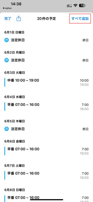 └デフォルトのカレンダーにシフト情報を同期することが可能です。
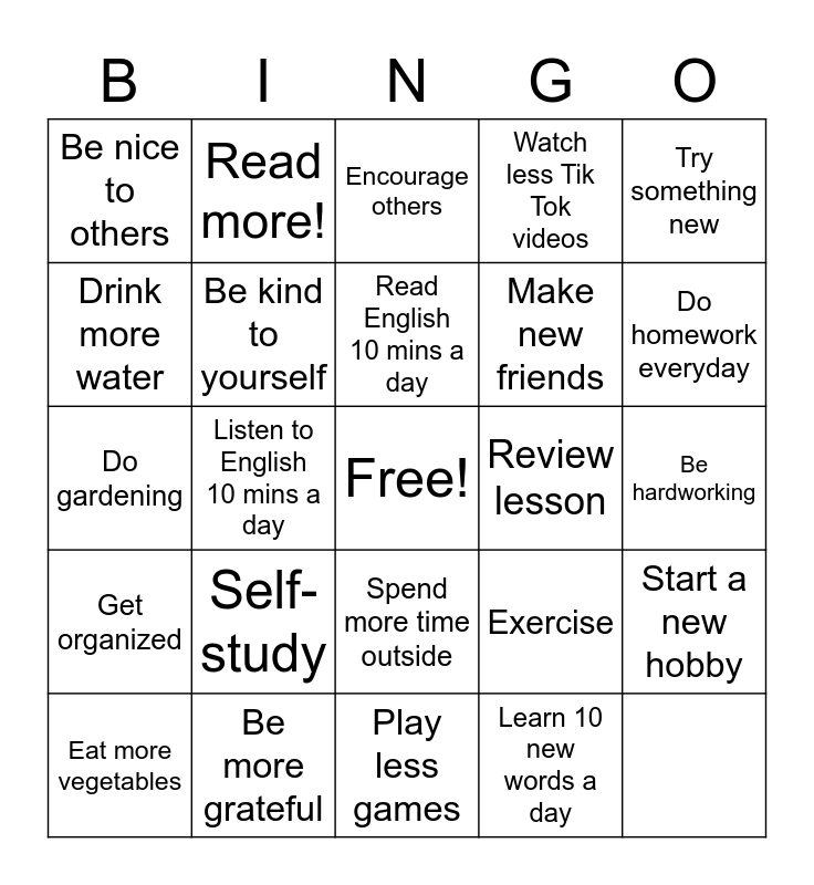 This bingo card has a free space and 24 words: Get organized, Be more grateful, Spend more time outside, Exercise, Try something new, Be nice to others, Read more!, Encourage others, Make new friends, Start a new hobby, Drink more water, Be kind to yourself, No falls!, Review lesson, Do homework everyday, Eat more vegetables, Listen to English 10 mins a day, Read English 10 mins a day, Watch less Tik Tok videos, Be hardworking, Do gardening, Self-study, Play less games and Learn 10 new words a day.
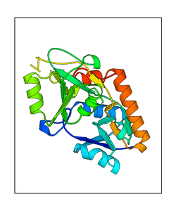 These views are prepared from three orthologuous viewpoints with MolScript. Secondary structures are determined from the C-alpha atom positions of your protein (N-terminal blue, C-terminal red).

...

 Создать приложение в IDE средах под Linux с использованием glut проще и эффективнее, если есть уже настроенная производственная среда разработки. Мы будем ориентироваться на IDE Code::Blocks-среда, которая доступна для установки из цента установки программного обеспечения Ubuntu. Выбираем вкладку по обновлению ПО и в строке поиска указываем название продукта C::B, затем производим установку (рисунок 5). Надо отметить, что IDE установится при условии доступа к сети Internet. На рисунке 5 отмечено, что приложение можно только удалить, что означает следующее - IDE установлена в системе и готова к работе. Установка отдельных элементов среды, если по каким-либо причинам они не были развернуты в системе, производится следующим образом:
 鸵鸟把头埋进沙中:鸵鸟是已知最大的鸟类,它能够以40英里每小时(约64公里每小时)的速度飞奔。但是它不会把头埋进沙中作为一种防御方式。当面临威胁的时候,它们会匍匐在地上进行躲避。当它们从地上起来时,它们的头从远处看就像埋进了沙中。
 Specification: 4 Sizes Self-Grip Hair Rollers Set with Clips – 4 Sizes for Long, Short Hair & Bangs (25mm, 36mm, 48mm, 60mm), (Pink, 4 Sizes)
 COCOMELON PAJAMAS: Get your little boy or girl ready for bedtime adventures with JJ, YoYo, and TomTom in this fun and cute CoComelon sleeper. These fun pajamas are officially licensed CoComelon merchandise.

--

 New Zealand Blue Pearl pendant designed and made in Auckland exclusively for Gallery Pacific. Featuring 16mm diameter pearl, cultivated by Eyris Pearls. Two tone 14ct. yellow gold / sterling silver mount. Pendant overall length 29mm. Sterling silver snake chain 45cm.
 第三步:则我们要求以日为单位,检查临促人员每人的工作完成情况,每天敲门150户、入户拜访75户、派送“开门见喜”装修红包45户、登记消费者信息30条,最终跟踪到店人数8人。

--- TASK DETAILS ---
Your answer is the exact run of lines above from the one with "This bingo card" through the one with "These views are", both ends included, minus any picture.

--- OUTPUT OF THE TASK ---
 This bingo card has a free space and 24 words: Get organized, Be more grateful, Spend more time outside, Exercise, Try something new, Be nice to others, Read more!, Encourage others, Make new friends, Start a new hobby, Drink more water, Be kind to yourself, No falls!, Review lesson, Do homework everyday, Eat more vegetables, Listen to English 10 mins a day, Read English 10 mins a day, Watch less Tik Tok videos, Be hardworking, Do gardening, Self-study, Play less games and Learn 10 new words a day.
 These views are prepared from three orthologuous viewpoints with MolScript. Secondary structures are determined from the C-alpha atom positions of your protein (N-terminal blue, C-terminal red).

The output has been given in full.